Jusqu'à présent, ces réformes structurelles de fond n'ont certes pas été initiées (hormis celle entamée de la Caisse de compensation avec l'indexation partielle), mais l'austérité budgétaire, soigneusement enveloppée dans le terme «bonne gouvernance» par le gouvernement, a fait mouche auprès du FMI. Mais irrité les alliés politiques de Benkirane.
Alliances de circonstance
Les choix économiques de Benkirane et une majorité gouvernementale de circonstance reposant uniquement sur l'arithmétique politicienne auront été, entre autres, parmi les raisons qui ont conduit à faire voler en éclats l'alliance PJD – Parti de l'Istiqlal. Une séparation douloureuse... pour le Maroc dont l'économie aura été prise en otage, pendant plusieurs mois, par deux chefs de parti aveuglés par leur ego.
Pour autant, cela a permis aux islamistes de découvrir la délicatesse d'être aux affaires, de détenir les clés du Royaume. Surtout si l'on n'a pas forcément le sens du partage des pouvoirs et de la concertation. Conséquence : acculé et critiqué, le PJD noue une nouvelle alliance, cette fois, avec le RNI, avec l'avènement du gouvernement Benki II le 10 octobre 2013.
Avec un peu plus de hauteur, l'on se rend compte que, finalement, l'habit de chef n'est pas taillé sur-mesure pour Benkirane. Il reste encore trop grand pour lui. Qualifié d'entêté et de manquer de tact et de sens du compromis, il verse souvent dans le populisme. C'était le cas récemment lorsqu'il a comparé les femmes à des «lustres» pour évoquer leur situation au foyer (www.financenews.press.ma).

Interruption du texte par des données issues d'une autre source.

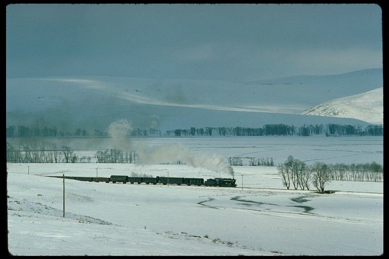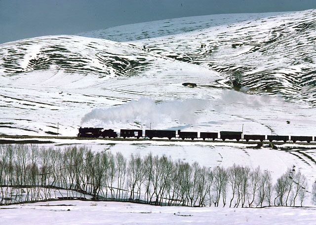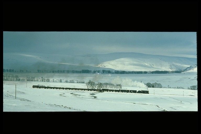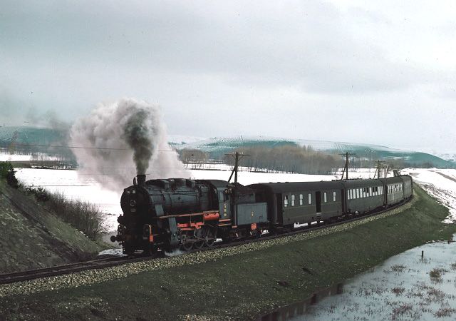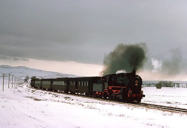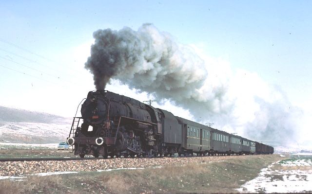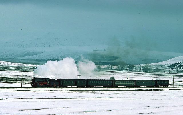 45053 near Kalin 15 March 1977. We ran into very poor road conditions near Kalin and were very surprised to catch up a freight train ahead of the passenger we saw leaving Sivas |

Surtout, Benkirane a pris la fâcheuse habitude de «court-circuiter» le patronat pour apaiser les tensions sociales, raison pour laquelle il a décidé une hausse unilatérale du SMIG dans le privé, sans aucune forme de compensation à la clé. Conséquence : il a aussi les patrons sur le dos, alors que les syndicats et l'opposition continuent de faire feu de tout bois sur le gouvernement. A force de ménager la chèvre et le chou, il dilue ses efforts pour un rendu qui, au bout de 30 mois, laisse plus d'un sur sa faim.
C'est dire qu'en définitive, à l'actif de Benkirane, il n'y a encore aucune vraie grande réforme. Peut-être va-t-il nous surprendre lors de l'élaboration du projet de Loi de Finances 2015 ? En tout cas, 2016 n'est pas loin. Il lui reste donc peu de temps pour convaincre de nouveau les électeurs.